Provided entries:
________
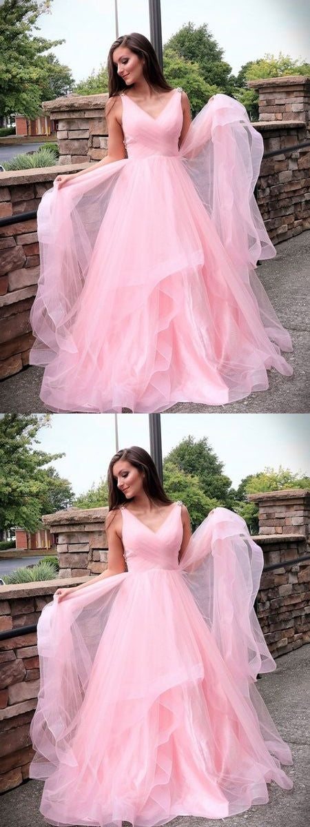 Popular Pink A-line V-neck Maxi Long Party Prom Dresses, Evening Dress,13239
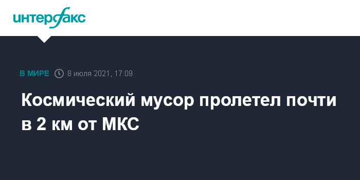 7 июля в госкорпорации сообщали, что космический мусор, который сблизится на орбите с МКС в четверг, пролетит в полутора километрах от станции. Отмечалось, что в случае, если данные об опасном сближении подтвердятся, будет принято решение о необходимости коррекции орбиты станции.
________
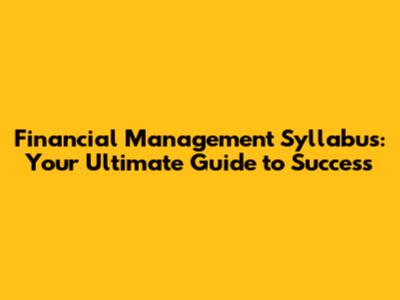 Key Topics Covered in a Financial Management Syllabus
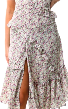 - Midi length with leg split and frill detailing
________
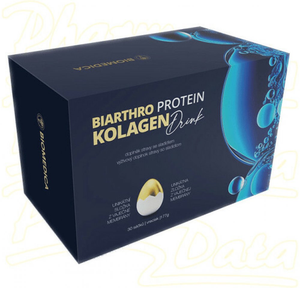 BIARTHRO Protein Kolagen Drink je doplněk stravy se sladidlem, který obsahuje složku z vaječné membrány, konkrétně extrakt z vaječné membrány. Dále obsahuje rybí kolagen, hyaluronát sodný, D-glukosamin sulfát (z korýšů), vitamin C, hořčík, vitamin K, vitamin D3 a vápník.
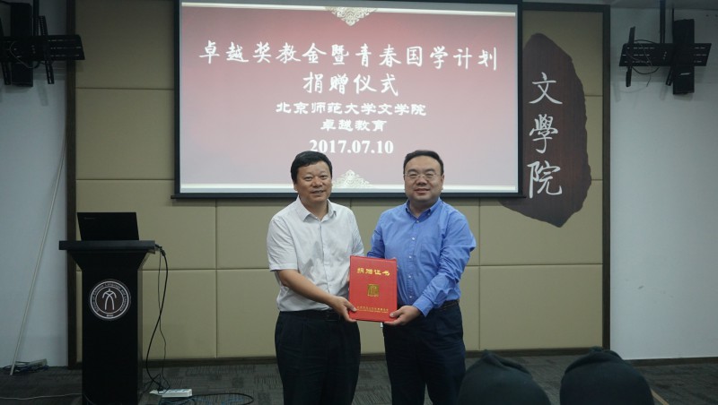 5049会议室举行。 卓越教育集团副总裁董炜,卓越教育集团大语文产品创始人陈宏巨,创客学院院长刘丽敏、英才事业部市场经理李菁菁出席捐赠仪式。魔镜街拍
________
Assignment: Go down the entries above from the line containing "Key Topics Covered" to the line containing "- Midi length" and write out each line exactly, leaving pictures out.

Reply:
 Key Topics Covered in a Financial Management Syllabus
 - Midi length with leg split and frill detailing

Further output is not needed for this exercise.